• [Task goal]
Restate the listing below exactly, images excluded.

• [Given data]
________________________

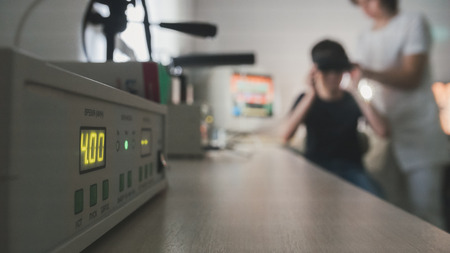Encephalogramm euipment with electrodes. At the hospital. Electroencephalogram EEG
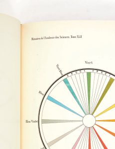 Mémoire sur la vision des couleurs matérielles en mouvement de rotation et des vitesses numériques de cercles. (Institut de France. Mémoires de l'académie des sciences, extrait du tome XLII). Paris, Firmin-Didot, 1882. In-4 (279 x 218 mm) de 378 pp., 19 planches dont 16 en couleurs; demi-chagrin rouge, dos à nerfs, couverture conservée (ateliers Laurenchet).
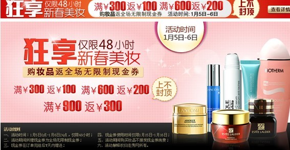 国内最大的时尚B2C购物网站——走秀网继12月29日零时推出“年底终极巨献,全场2折起,折后再7.9折”的大型促销活动后,1月5日—1月6日新一轮的“新春美妆返现秒杀风暴”( http://www.xiu.com/zt/category/78.html?from=11442505)又再次强势来袭。
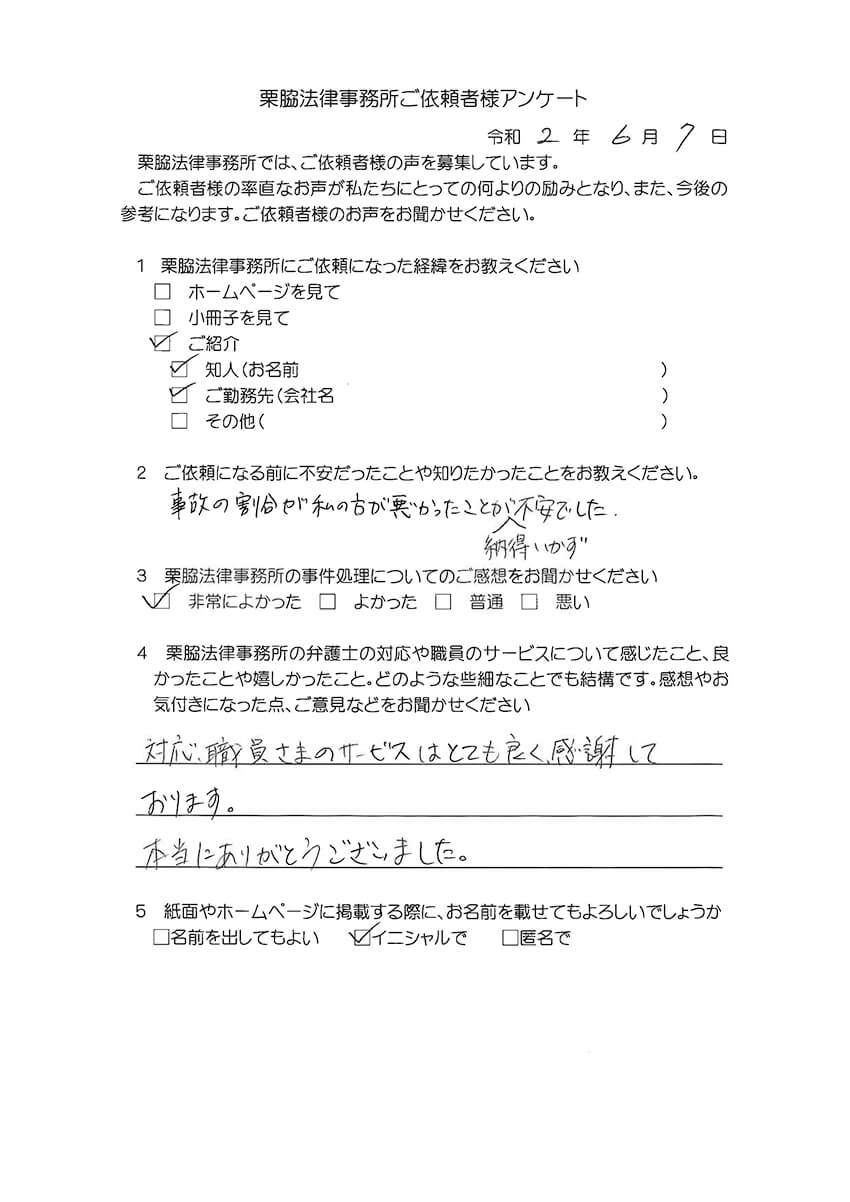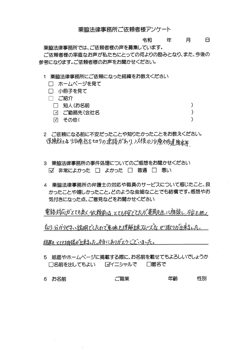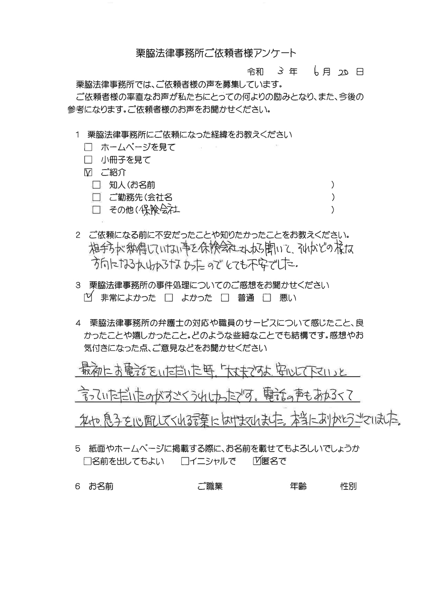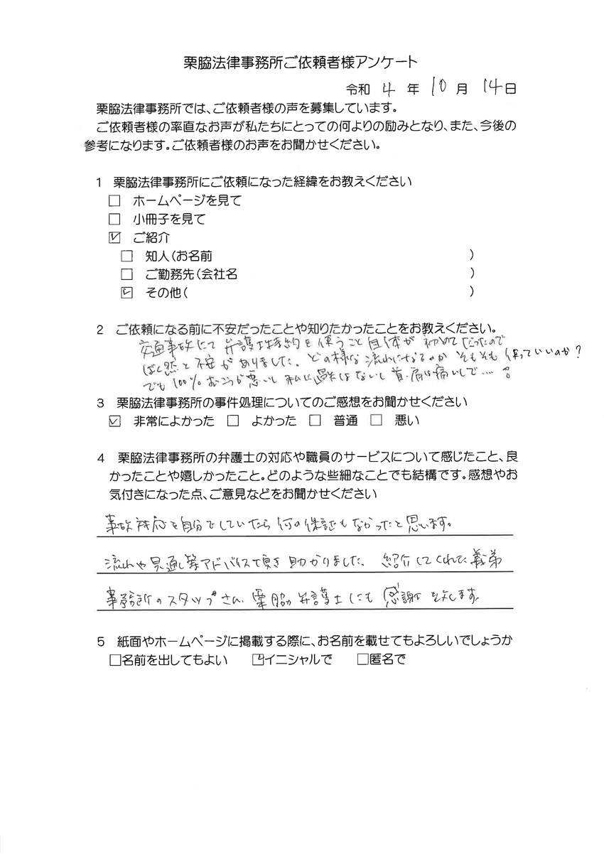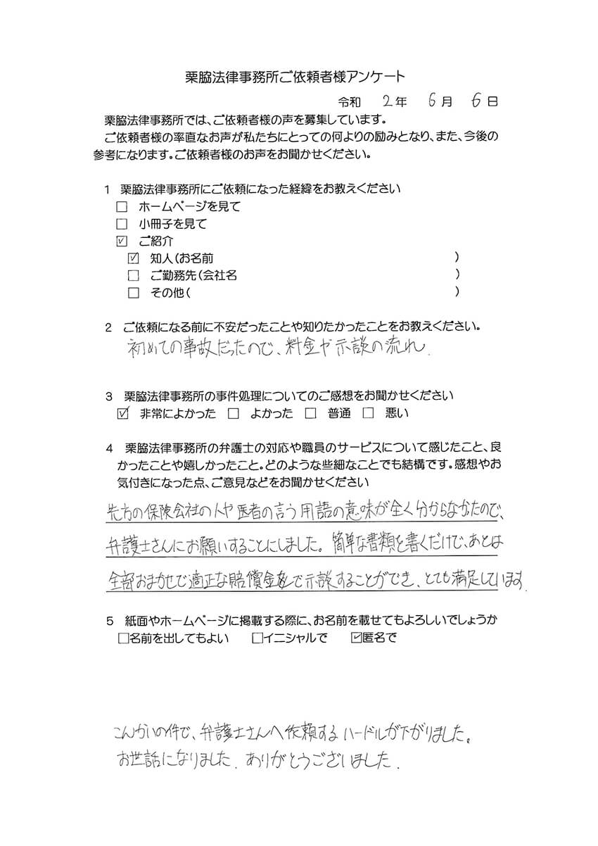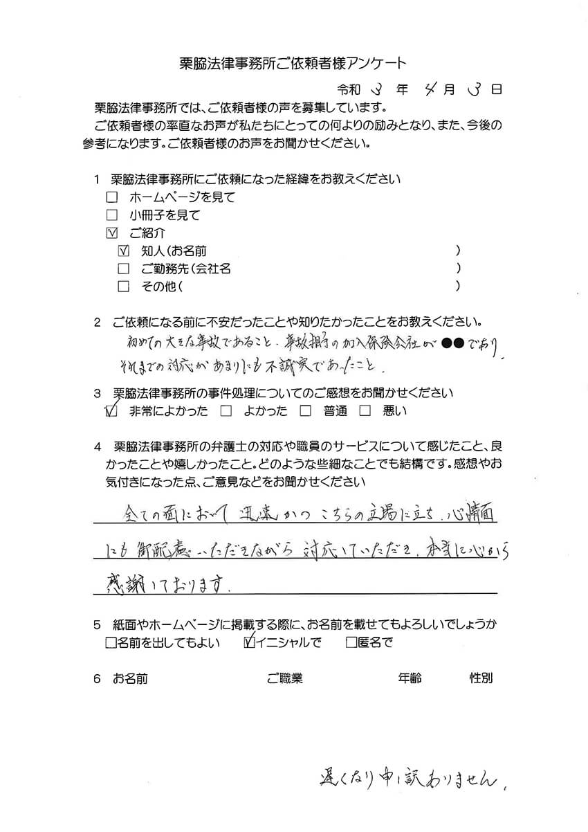 事故直後から頭が働かない中、次々に保険会社から送られてくる書類の山を処理してくださり、的確なアドバイスや1年にわたる交渉を進めてくださり感謝しています。何より、心身共に傷ついていたところ、治療に専念できたことが有難かったです。
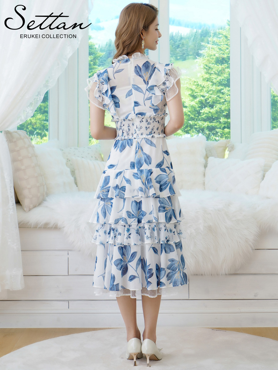 [送料無料][SETTAN]ホワイト×ブルー・ブラック×ブルー・花柄・プリント・シフォン・プチハイネック・フリルスリーブ・ティアード・Aライン・ミディアムドレス・ワンピース[即日発送][大きいサイズあり]
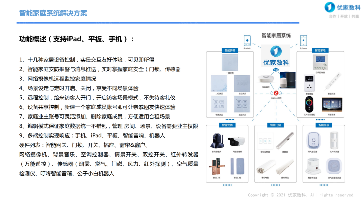 硬件列表:智能网关、门锁、开关、插座、窗帘&窗户、网络摄像机、背景音乐、空调控制器、情景开关、双控开关、红外转发器(万能遥控)、传感器(烟雾、燃气、门磁、风力、红外探测)、空气质量检测仪、叮咚智能音箱、公子小白机器人
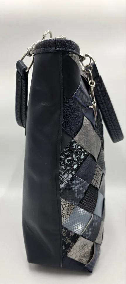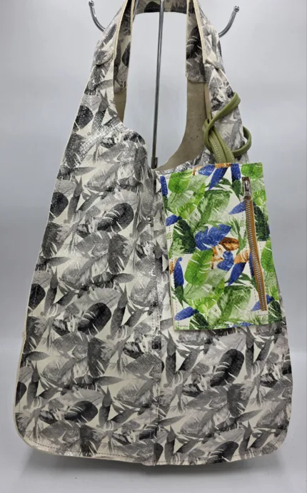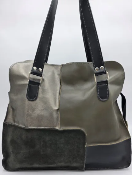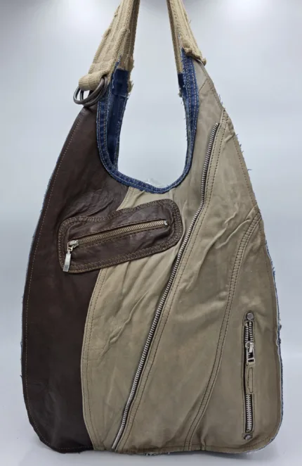 Уникална голяма чанта от естествена кожа ръчна изработка, тип торба от рециклирани материали естествена кожа и деним,без закопчаване, множество удобни
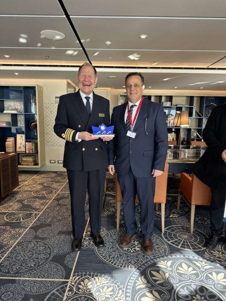 αναμνηστικές πλακέτες και δώρα με τον πλοίαρχο του κρουαζιερόπλοιου,
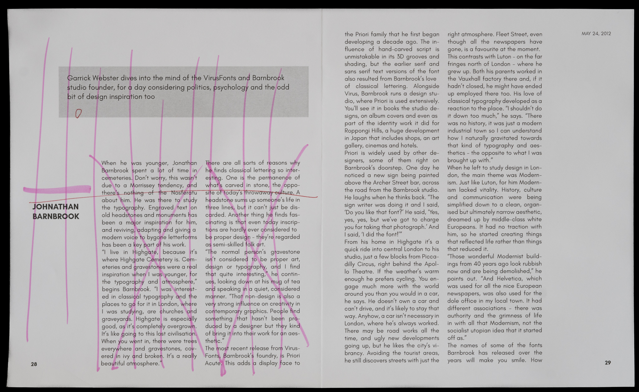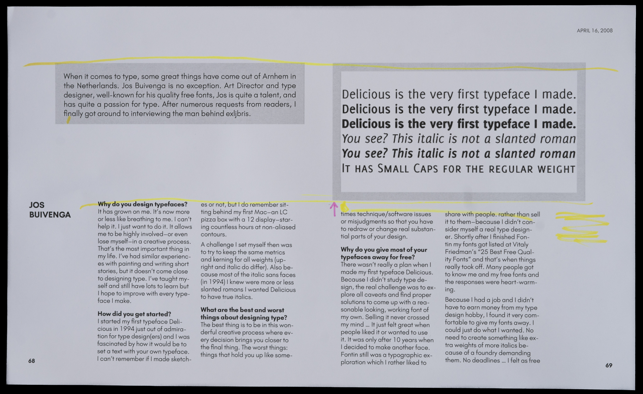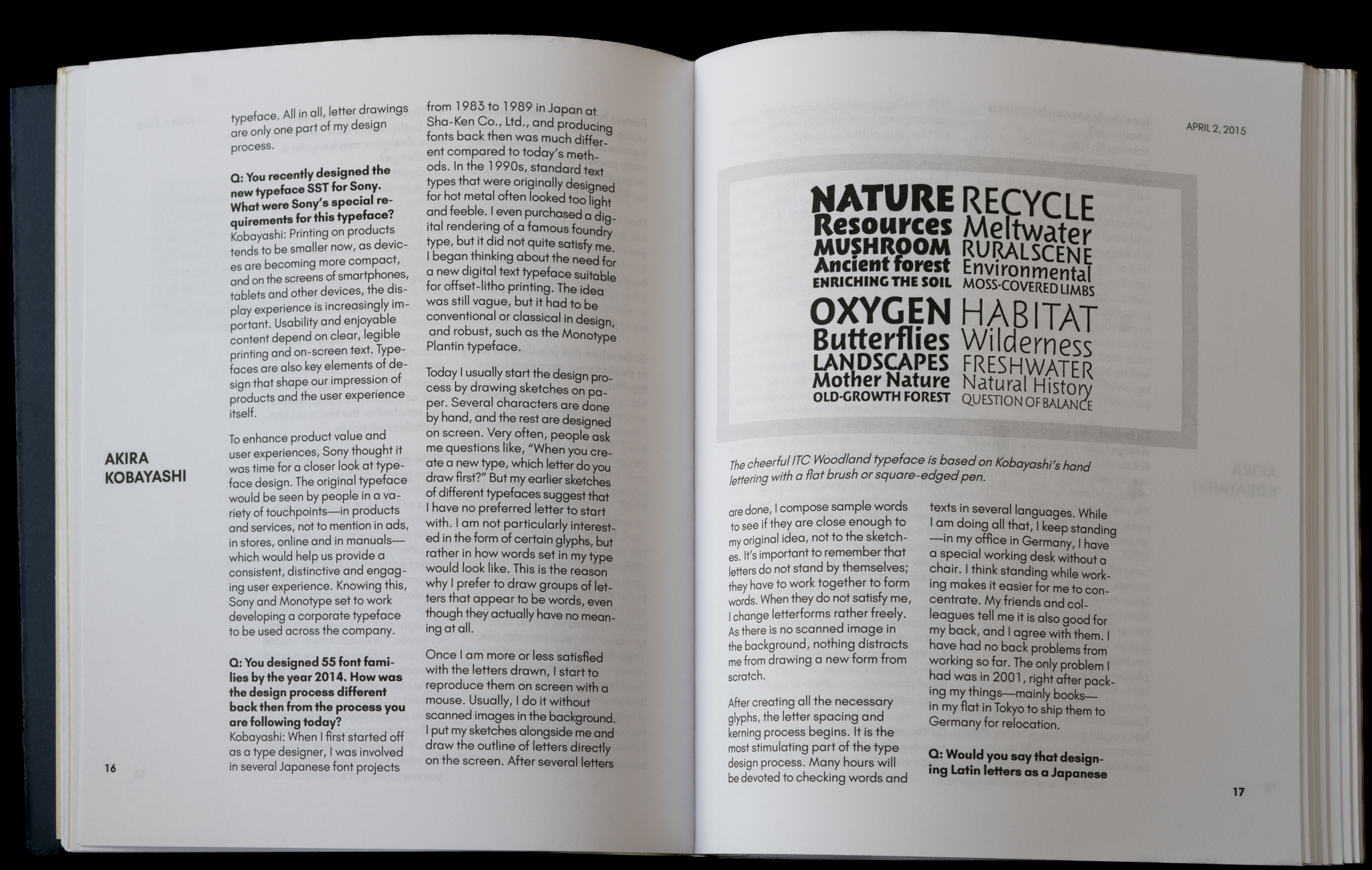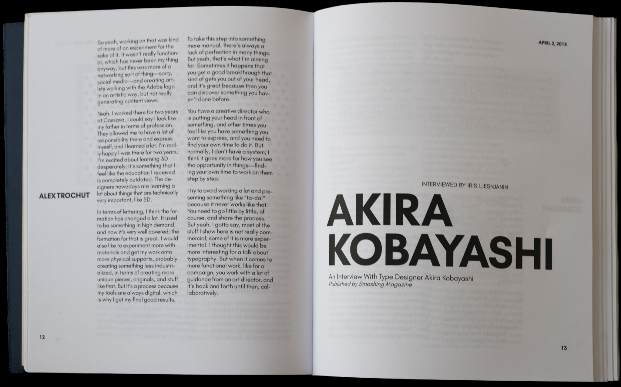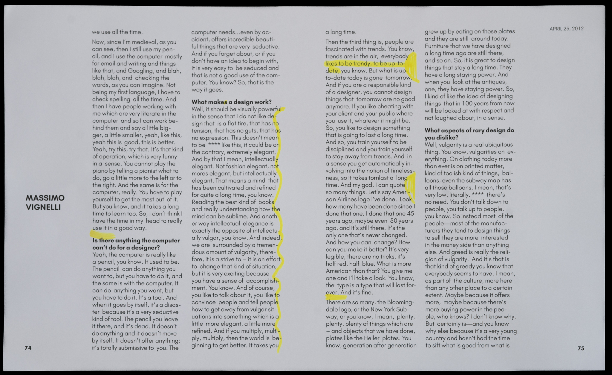 This project was a deep dive into Indesign text layout tools such as paragraph styles. I used a variety of styles to acheive an interesting page layout across several pages. Specific features to note: The big type moment on the interview title page, the designers name remaing in the left margin of the verso, pull quotes pulled into the margin, and interview introductions.
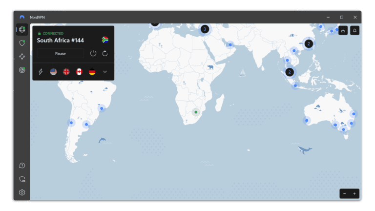 - 从左侧面板中选择连接到您选择的服务器。就我而言,我选择了南非服务器,我能找到的最接近的。
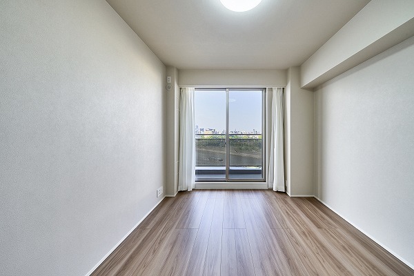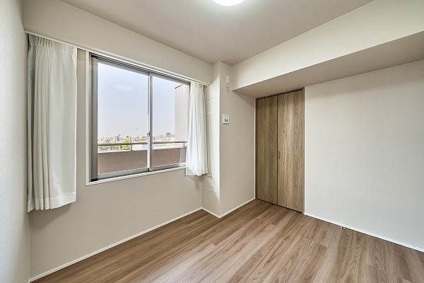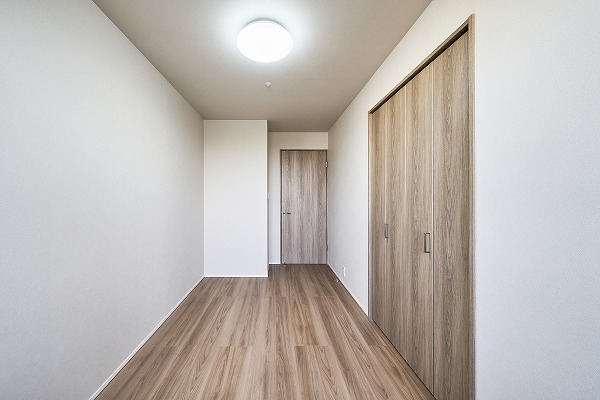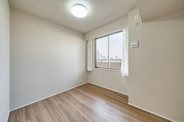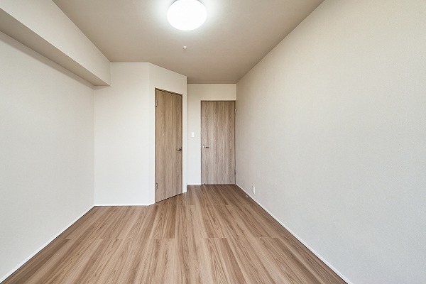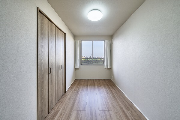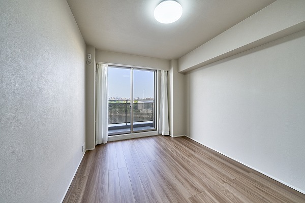 すっきりとした形状の約5.5帖洋室は家具配置がしやすい実用的な空間。余計な凹凸がないため、空間を無駄なく使えます。シンプルな内装デザインが好みのインテリアを引き立ててくれるので、お子様部屋やゲストルームとしてもおすすめ。
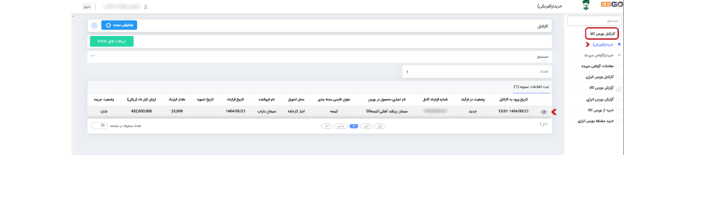 پس از تکمیل وجه در حساب وکالتی و بارگذاری فیش مالیات، در سامانه ایبیگو از بخش کارتابل بورس کالا، گزینه خریدار (فیزیکی) را انتخاب نموده و روی علامت چشم کلیک کنید تا وارد صفحه اسناد شوید.
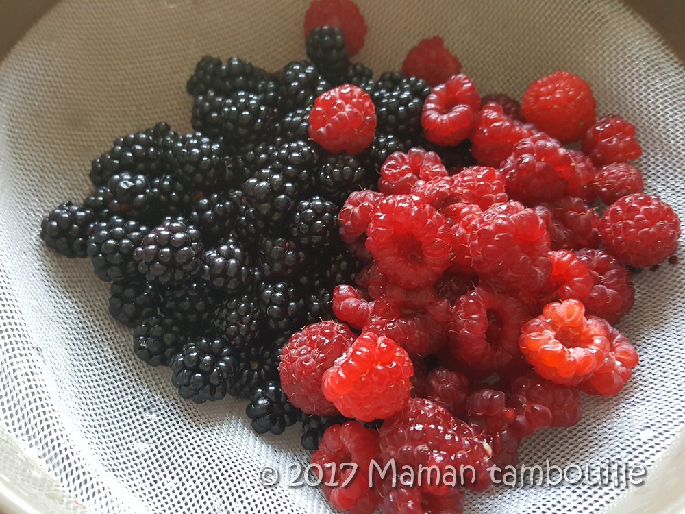 Vite vite, je publie cette recette avant que la saison des mûres et des framboises soit totalement terminée ! Elle l’est déjà dans certaines régions mais j’imagine que dans le sud, il doit encore y en avoir un peu, vu que mon framboisier livre encore à ce jour ses dernières merveilles.

________________________

• [Output of the exercise]
Encephalogramm euipment with electrodes. At the hospital. Electroencephalogram EEG
 Mémoire sur la vision des couleurs matérielles en mouvement de rotation et des vitesses numériques de cercles. (Institut de France. Mémoires de l'académie des sciences, extrait du tome XLII). Paris, Firmin-Didot, 1882. In-4 (279 x 218 mm) de 378 pp., 19 planches dont 16 en couleurs; demi-chagrin rouge, dos à nerfs, couverture conservée (ateliers Laurenchet).
 国内最大的时尚B2C购物网站——走秀网继12月29日零时推出“年底终极巨献,全场2折起,折后再7.9折”的大型促销活动后,1月5日—1月6日新一轮的“新春美妆返现秒杀风暴”( http://www.xiu.com/zt/category/78.html?from=11442505)又再次强势来袭。
 事故直後から頭が働かない中、次々に保険会社から送られてくる書類の山を処理してくださり、的確なアドバイスや1年にわたる交渉を進めてくださり感謝しています。何より、心身共に傷ついていたところ、治療に専念できたことが有難かったです。
 [送料無料][SETTAN]ホワイト×ブルー・ブラック×ブルー・花柄・プリント・シフォン・プチハイネック・フリルスリーブ・ティアード・Aライン・ミディアムドレス・ワンピース[即日発送][大きいサイズあり]
 硬件列表:智能网关、门锁、开关、插座、窗帘&窗户、网络摄像机、背景音乐、空调控制器、情景开关、双控开关、红外转发器(万能遥控)、传感器(烟雾、燃气、门磁、风力、红外探测)、空气质量检测仪、叮咚智能音箱、公子小白机器人
 Уникална голяма чанта от естествена кожа ръчна изработка, тип торба от рециклирани материали естествена кожа и деним,без закопчаване, множество удобни
 αναμνηστικές πλακέτες και δώρα με τον πλοίαρχο του κρουαζιερόπλοιου,
 This project was a deep dive into Indesign text layout tools such as paragraph styles. I used a variety of styles to acheive an interesting page layout across several pages. Specific features to note: The big type moment on the interview title page, the designers name remaing in the left margin of the verso, pull quotes pulled into the margin, and interview introductions.
 - 从左侧面板中选择连接到您选择的服务器。就我而言,我选择了南非服务器,我能找到的最接近的。
 すっきりとした形状の約5.5帖洋室は家具配置がしやすい実用的な空間。余計な凹凸がないため、空間を無駄なく使えます。シンプルな内装デザインが好みのインテリアを引き立ててくれるので、お子様部屋やゲストルームとしてもおすすめ。
 پس از تکمیل وجه در حساب وکالتی و بارگذاری فیش مالیات، در سامانه ایبیگو از بخش کارتابل بورس کالا، گزینه خریدار (فیزیکی) را انتخاب نموده و روی علامت چشم کلیک کنید تا وارد صفحه اسناد شوید.
 Vite vite, je publie cette recette avant que la saison des mûres et des framboises soit totalement terminée ! Elle l’est déjà dans certaines régions mais j’imagine que dans le sud, il doit encore y en avoir un peu, vu que mon framboisier livre encore à ce jour ses dernières merveilles.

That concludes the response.